Pramono Minta Masukan Para Ahli Terkait Tata Cara Pembasmian Ikan Sapu-Sapu

  • 20 Apr 2026 15:02 WIB
  •  Jakarta

RRI.CO.ID, Jakarta - Gubernur DKI Jakarta Pramono Anung akan meminta masukan dari para ahli untuk menyesuaikan metode pembasmian ikan sapu-sapu di ibu kota.
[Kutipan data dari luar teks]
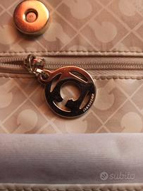 Shopper beige con motivo classico Gherardini (logo ripetuto su tutta la superficie), in tessuto sintetico leggero e resistente, tipico del brand.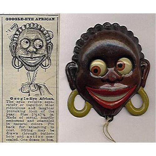 BLACK FACE "GooGLE EYE" TIN TOY, shown here with an ad from a vintage novelty catalog for this item, accurately described in the catalog as "Google-Eye African, The eyes revolve separately or together. Most ridiculous and laughter provoking item of the year. Size 2-1/2 x 2-1/2 in. Made of metal, heavily embossed and enameled in natural colors. Pin back for attaching to coat. String may be drawn through button hole and action concealed." Tin shows some minor shelf wear/scrathes, but nevertheless very displayable. Marked "Made in Germany," circa 1910s-1920s.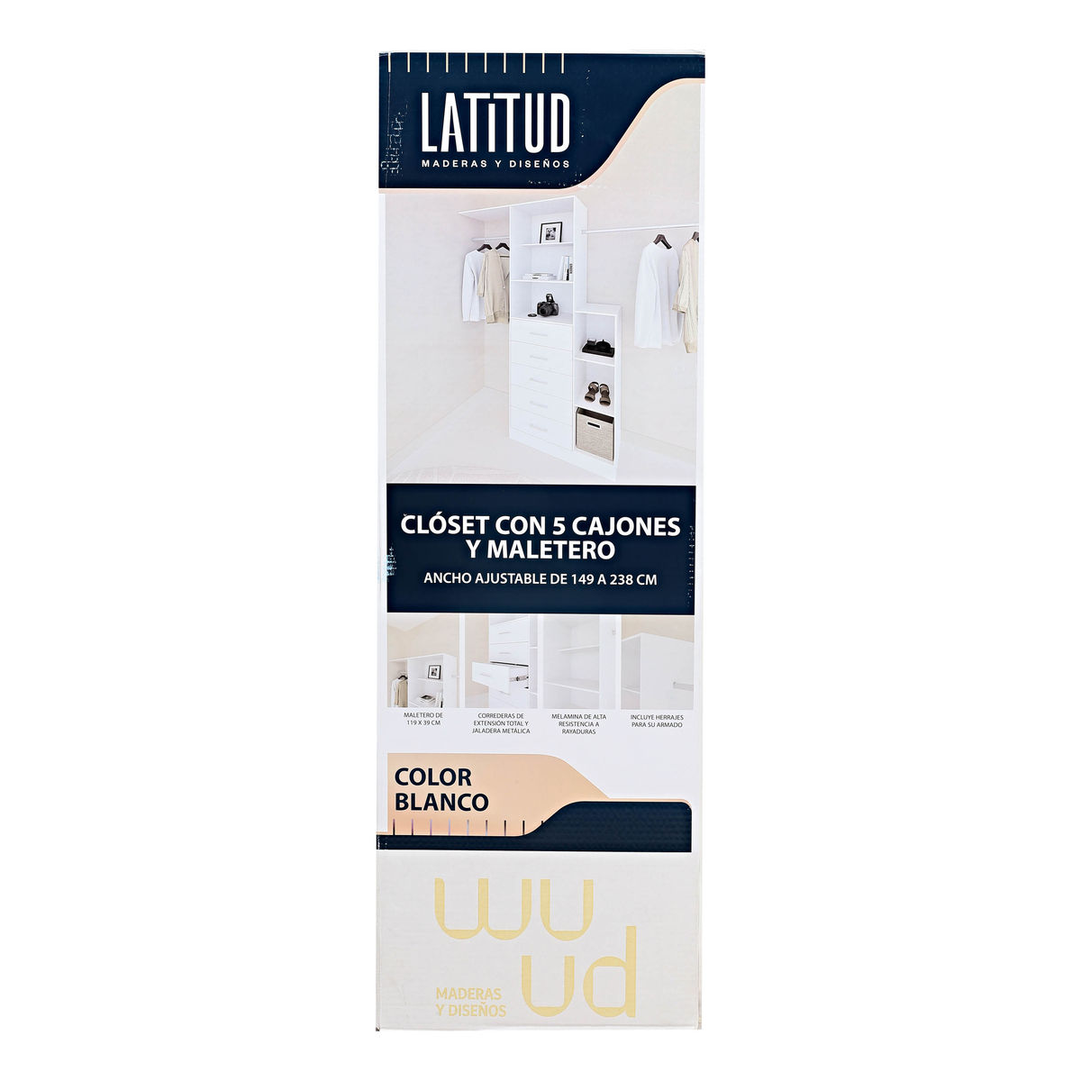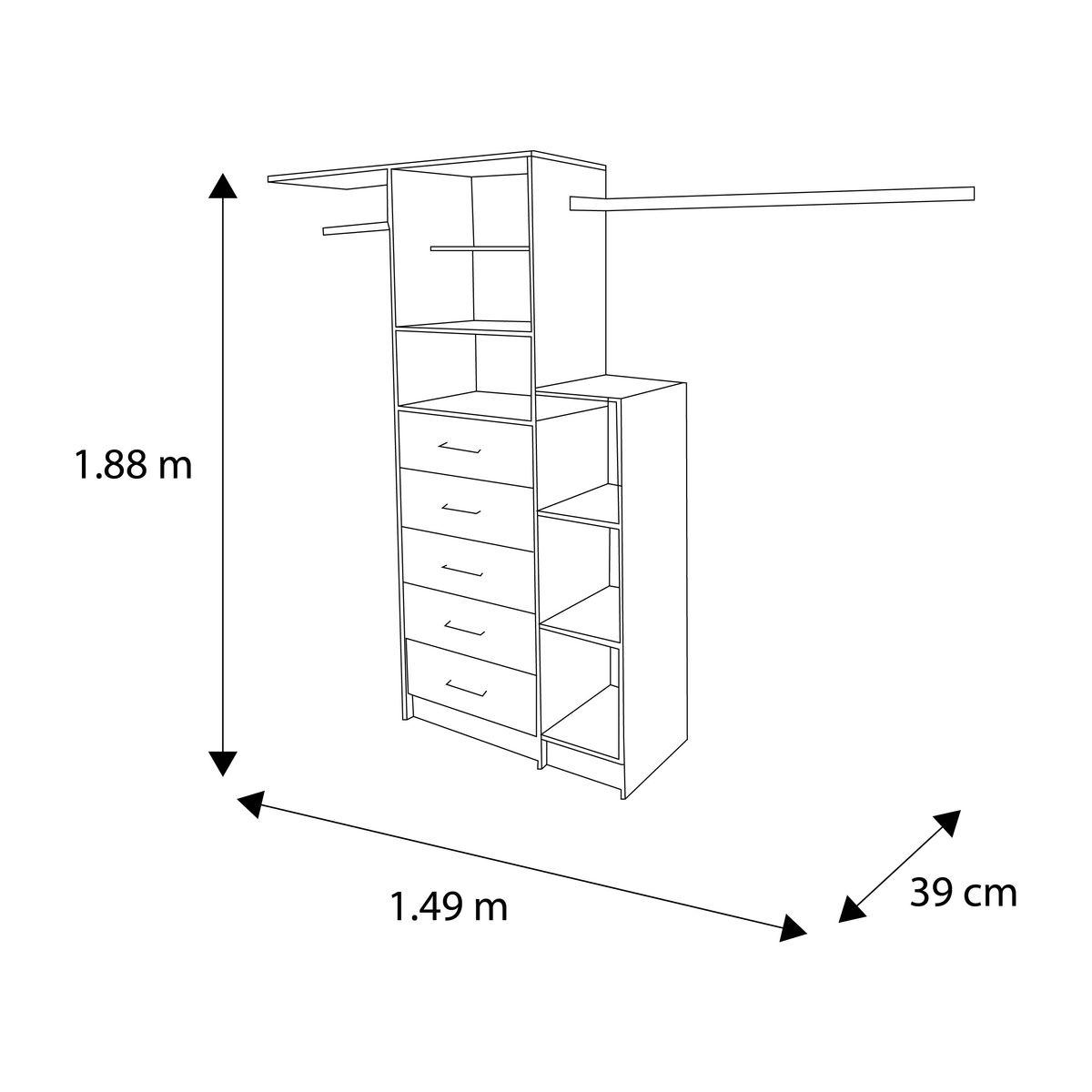 CLÓSET DE 5 CAJONES MELAMINA BLANCO 1.88 X 1.49 M X 39 CM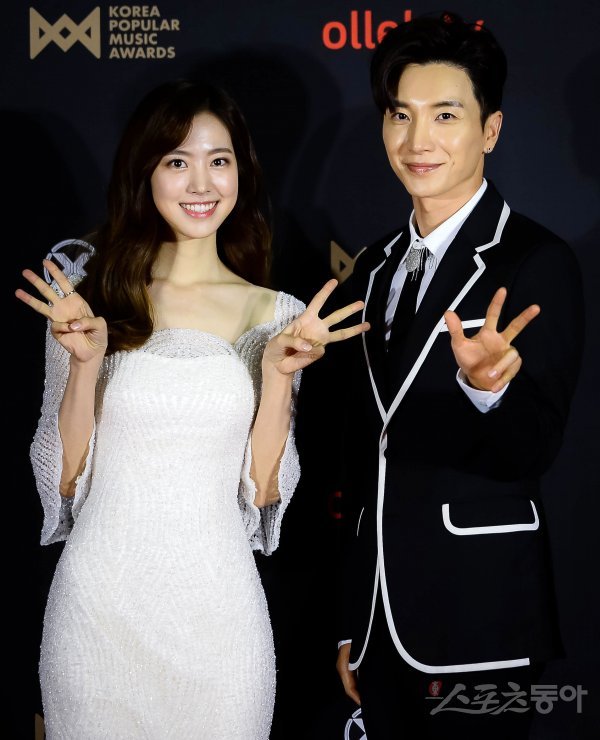 배우 진세연과 슈퍼주니어 이특(오른쪽)이 20일 경기도 고양시 일산 킨텍스에서 열린 ‘2018 대한민국대중음악시상식’(2018 KOREA POPULAR MUSIC AWARDS·이하 2018 KPMA) 레드카펫에 참석해 포토타임을 갖고 있다.

Langkah tersebut diambil menyusul sorotan dari Majelis Ulama Indonesia (MUI) terkait praktik penguburan massal ikan tersebut dalam kondisi masih hidup.
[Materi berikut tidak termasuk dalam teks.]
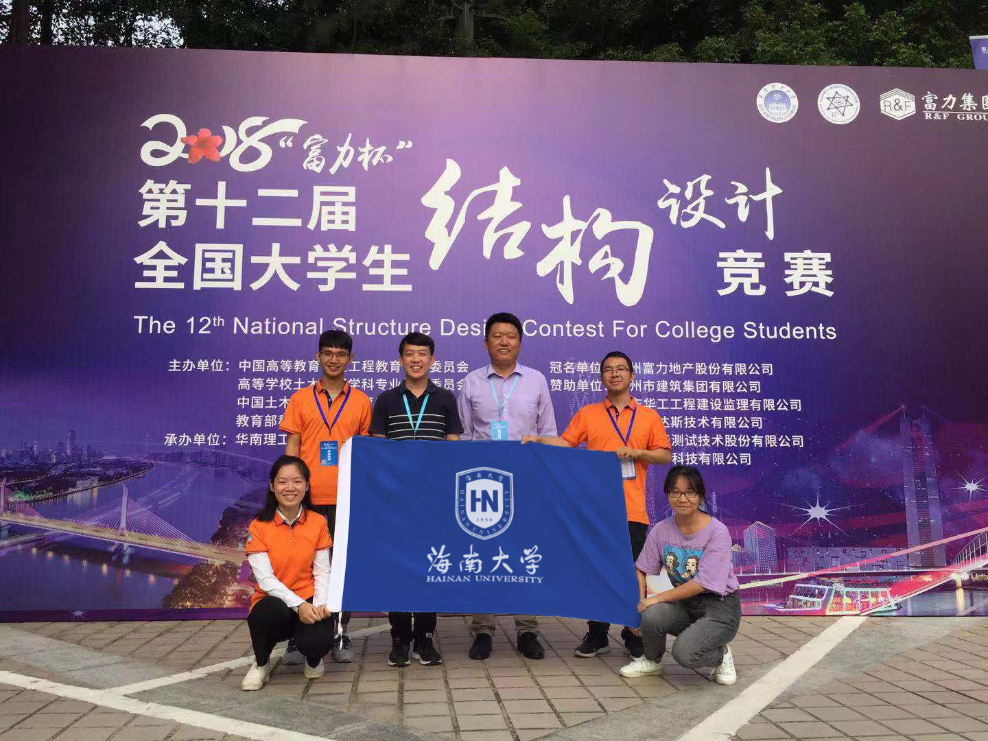 第十二届全国大学生结构设计竞赛于2018年11月8日——11月11日在华南理工大学举办,Beat365官方网站代表队赴华南理工大学参赛并荣获三等奖,学院参赛队伍代表Beat365官方网站获优秀组织奖。参赛队员为2015级土木工程专业三位同学,指导老师为罗立胜和曾加东两位博士。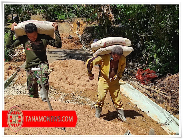 TANAMONEWS - BENGKAYANG | Keterbatasan alat dan keberadaan material bangunan berupa semen yang cukup jauh dari titik pengecoran jalan usaha tani, disiati oleh Satgas TMMD ke 111 Kodim 1202/Skw, bersama masyarakat desa dengan mengangkutnya dengan cara dipanggul atau dipikul hingga ke titik terdekat lokasi pengecoran.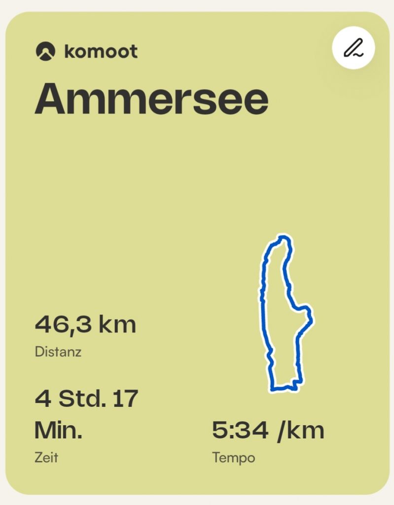 In Schöndorf kämpft man sich dann noch durch auf- und absteigende Straßen bis man die finalen 300 Meter erreicht und an der Promenade mit den schönen Bootshäusern entlanglaufen kann. Ein kleiner Ultra-Marathon wurde soeben absolviert, denn der Umfang des Sees beträgt tatsächlich um die 46 km. In Schöndorf selbst kann man sich dann mit einem Eis belohnen. Die Eisdiele mitten in der Ortschaft hat auch kreativere Eissorten. Mein Highlight war „Black Hawaii“, welches eine Mischung aus richtiger Kokosmilch, richtigem Kakao (keine Schokolade) und zur Farbgebeung aus etwas Kohle besteht. Wirklich lecker und wirklich schwarz. Probiert es selber aus! Eis und Seeumrundung! Für den See selbst lässt sich sagen, dass der Weg das Ziel ist, denn an Abwechslung mangelt es hier nicht. Auf zum Ammersee. Aroo!
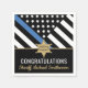 Este design apresenta uma bandeira da polícia com listras pretas e brancas, e uma fina faixa azul de linha também. Uma forma excelente de dizer parabéns aos novos reformados ou formandos para sua aposentadoria ou graduação na academia de polícia. Personalize com o nome do oficial de polícias, xerife, capitão ou chefe. Celebre este marco em estilo!

Pramono menyampaikan, upaya pengendalian ikan sapu-sapu tetap akan dilanjutkan mengingat populasinya yang telah mendominasi ekosistem perairan Jakarta. Ia menyebut, keberadaan ikan sapu-sapu tersebut bahkan telah mencapai lebih dari 60 persen di sejumlah titik perairan.

“Karena jumlahnya sudah sangat besar, proses pembasmian tetap harus dilakukan. Tetapi tata caranya akan kami sesuaikan dengan masukan para ahli,” ujar Pramono di Jakarta, Senin, 20 April 2026.
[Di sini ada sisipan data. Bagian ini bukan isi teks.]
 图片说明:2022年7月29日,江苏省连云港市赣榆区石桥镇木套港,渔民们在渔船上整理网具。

Menurutnya, penyesuaian metode tersebut penting agar kebijakan lingkungan tetap berjalan tanpa mengabaikan aspek etika dan kesejahteraan hewan. Pemerintah Provinsi DKI Jakarta juga akan memastikan bahwa langkah yang diambil tetap sejalan dengan prinsip keberlanjutan ekosistem.

Selain itu, Pemprov DKI Jakarta berencana memperkuat peran petugas Penanganan Prasarana dan Sarana Umum (PPSU) dalam pengendalian ikan sapu-sapu. Petugas akan ditugaskan secara berkala untuk membersihkan perairan dari spesies tersebut guna menjaga kualitas lingkungan air.

“Khusus di Jakarta, kami akan mengoptimalkan PPSU untuk secara rutin membersihkan ikan sapu-sapu demi menjaga keseimbangan ekosistem,” ujarnya.

Sebelumnya, Sekretaris Komisi Fatwa MUI Miftahul Huda menyoroti metode pembasmian yang dilakukan dengan cara mengubur ikan dalam kondisi hidup. Ia menilai praktik tersebut bertentangan dengan dua prinsip penting, yakni nilai rahmatan lil ‘alamin dan kesejahteraan hewan.

Dalam pandangan syariah, kata Miftahul, membunuh hewan diperbolehkan sepanjang membawa kemaslahatan. Namun, cara yang digunakan tetap harus meminimalkan penderitaan hewan dan tidak dilakukan secara tidak manusiawi.

“Dari sisi etika kesejahteraan hewan, mengubur hidup-hidup itu tidak tepat karena tidak meminimalkan rasa sakit,” jelasnya.

Meski demikian, MUI menilai langkah Pemprov DKI Jakarta dalam mengendalikan populasi ikan sapu-sapu merupakan kebijakan yang positif. Hal itu dianggap penting untuk melindungi keseimbangan lingkungan dan keberlangsungan ekosistem perairan.

Dengan adanya evaluasi metode pembasmian ini, Pemprov DKI Jakarta diharapkan dapat menemukan pendekatan yang lebih tepat—tidak hanya efektif menekan populasi ikan invasif, tetapi juga memenuhi standar etika dan nilai kemanusiaan.

google-preference

Rekomendasi Berita

Berita Terbaru Lainnya

Memuat berita terbaru.....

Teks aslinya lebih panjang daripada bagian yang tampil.